Machine Learning Part Classification System

By Cormac Farrelly


“Automation does not need to be our enemy. I think machines can make life easier for men, if men do not let the machines dominate them.” -John F. Kennedy


Project Overview

This project is part of the Technological University of the Shannon (TUS) Industrial Automation & Robotics Engineering course.

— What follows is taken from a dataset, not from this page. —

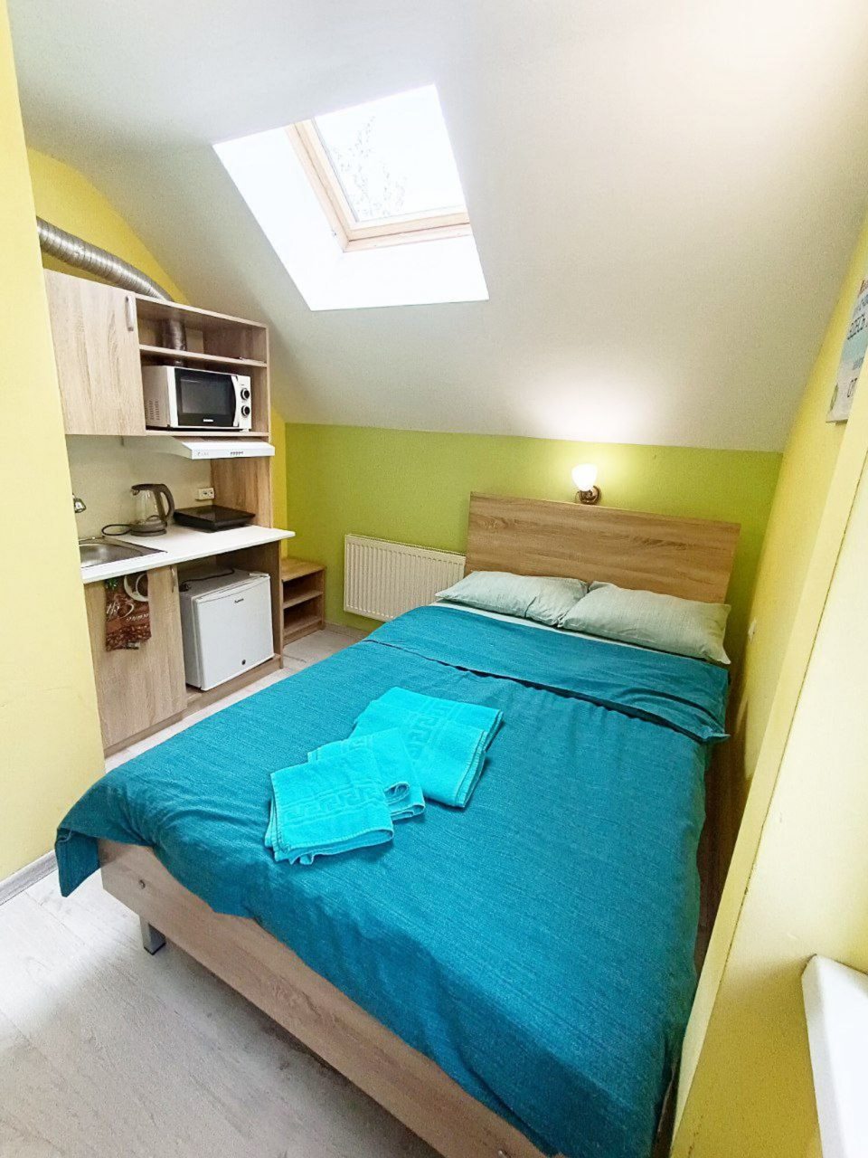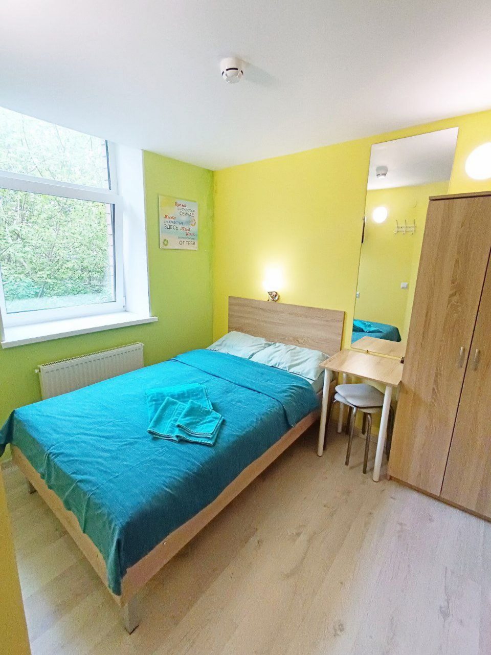 Для проживания предлагается двухместный номер с двуспальной кроватью и набором постельного белья, бра, прикроватными тумбочками. Есть вместительный шкаф для удобного хранения одежды. Санузел оборудован необходимой сантехникой.

The objective is to design and implement a machine learning system that integrates seamlessly with industrial automation to classify parts.

Technological Components

The system is built around key technological components:

  • Cognex Insight 7801 Camera for capturing images of parts and utilizing FTP.
  • Siemens S7-1200 1215 DC/DC/DC PLC for controlling the automation process - the brain of the system.
  • Raspberry Pi 4 for processing images, running the machine learning algorithm, and running the FTP server.
  • Servo Motor and Sensors for handling the movement of parts on the conveyor belt.

System in Action


Algorithm Demonstration


Challenges and Solutions

Throughout the project, several challenges were encountered, including:

  • Developing a reliable machine learning algorithm for real-time classification.
  • Integrating hardware components like the PLC and Raspberry Pi.
  • Establishing seamless communication between the camera, Raspberry Pi, and PLC via FTP and Snap7.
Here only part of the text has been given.